Bonsai It’s Art, Science, History and Philosophy
by Deborah Koreshoff
ISBN 0908175752 HC pp.255

The crown jewel of my collection
Some might disagree with me on this one, but I believe it is, without a doubt, the best-written book on the subject. This book was out of print for quite some time and hence, difficult to find, as a matter of fact because the market demand was so great for a while, used dealers took it upon themselves to make a quick buck, selling used copies at exorbitant prices, the majority of which were paperbacks. After months of surfing the net, I was fortunate enough to acquire a used hardcover copy, in excellent condition for a very good price. The publisher as ordered another print of this magnificent book and it is once again widely available to the public. If history was any indication I would not hesitate in acquiring one before the well runs dry once again.

A short biography

Deborah was born in 1957 into a world of bonsai. Her father, born in Harbin, Manchuria, was also surrounded by bonsai and absorbed the knowledge from the old Chinese gardener who tended them. From infancy, Deborah was exposed to club meetings and lectures/presentations by her parents, and had her own collection from a very early age. By the time she was 14 she was showing remarkable talent, and her first demonstration was given to the Bonsai Society of Australia.
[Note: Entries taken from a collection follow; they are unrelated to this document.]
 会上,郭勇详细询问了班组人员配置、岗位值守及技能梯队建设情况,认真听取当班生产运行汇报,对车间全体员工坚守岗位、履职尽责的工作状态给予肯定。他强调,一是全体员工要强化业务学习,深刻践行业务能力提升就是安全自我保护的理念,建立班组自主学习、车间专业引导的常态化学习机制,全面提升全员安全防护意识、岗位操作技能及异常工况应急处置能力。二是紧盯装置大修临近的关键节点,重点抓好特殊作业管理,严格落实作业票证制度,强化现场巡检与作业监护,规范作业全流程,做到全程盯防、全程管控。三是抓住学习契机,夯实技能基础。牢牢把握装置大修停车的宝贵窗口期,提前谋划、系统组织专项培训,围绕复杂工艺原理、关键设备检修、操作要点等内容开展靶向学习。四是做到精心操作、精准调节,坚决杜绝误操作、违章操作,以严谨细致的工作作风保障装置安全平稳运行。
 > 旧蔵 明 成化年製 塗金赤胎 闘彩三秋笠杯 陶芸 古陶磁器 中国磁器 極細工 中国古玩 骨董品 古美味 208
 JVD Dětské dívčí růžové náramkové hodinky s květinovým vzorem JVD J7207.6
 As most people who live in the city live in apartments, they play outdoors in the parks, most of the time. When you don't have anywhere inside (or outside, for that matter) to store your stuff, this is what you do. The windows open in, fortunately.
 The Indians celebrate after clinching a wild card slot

In 1976, her parents’ Bonsai Nursery became the only authorized branch of the Nippon Bonsai-Saikei Art Institute with the authority to issue the Japanese Certificates. In 1978, Deborah became the teacher and since has travelled extensively around Australia. She has been the Education and Programme Officer for the Bonsai Society of Australia and is the artist and major contributor for the magazine “Bonsai Australia”
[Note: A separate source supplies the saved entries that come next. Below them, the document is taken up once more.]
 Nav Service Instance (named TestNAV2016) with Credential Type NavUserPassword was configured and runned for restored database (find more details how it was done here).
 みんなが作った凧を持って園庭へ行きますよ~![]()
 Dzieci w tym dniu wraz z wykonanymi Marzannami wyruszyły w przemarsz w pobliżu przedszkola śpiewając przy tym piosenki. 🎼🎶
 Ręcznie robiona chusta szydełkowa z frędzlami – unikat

The book starts off with an in depth introduction to the Art of Bonsai and it’s history. I believe describing the origins an important aspect of what we do; it is further my belief that we need to know where we have been in order to know how to proceed. Although the book has the usual pre-requisites, Deborah takes them a step further with, a brief history on the subject at hand, which, offers the reader some perspective and first hand knowledge on how things developed over the centuries. This type of approach in my opinion offers the reader the rationale on why we do things the way we do, far too often this approach is not used, or is to shallow, leaving the reader with more questions than answers.

Deborah’s attention to detail is second to none. The book contains hundreds of illustrations and photographs. They say a picture is worth a thousand words and no truer statement can be said about this book. The graphics are clear and further emphasized with extremely good explanations, which even a novice in the art can make out. Although, I would classify this book as intermediate, it is indeed well suited for any audience from beginner to advanced.

Although, the Nakas are known in the Bonsai World as the “bibles” I have chosen to crown Deborah’s book the same. John Yoshio Naka was one off, if not the founder of Bonsai in North America. His books are his lifelong notes on the subject and are translated from Japanese. The information contained in his books is invaluable. However, because these books were translated from his personal notes, it leaves the reader with many unanswered questions, as I found the detail insufficient at times. Bonsai Techniques Vol II seems to have remedied the situation somewhat but in no way compares to the depth of detail in Deborah’s book. I am not promoting one over the other here, as these books stand on their own merits. I am willing to say, however, that should I have purchased the “Nakas” after Deborah’s book I would have been disappointed somewhat. Notwithstanding, one has to remember the source of the “Nakas”; these were his personal notes. The perceived missing information or detail was in his head and, those whom had the pleasure of meeting John would back up my statement that he was a walking “Bonsai Library”.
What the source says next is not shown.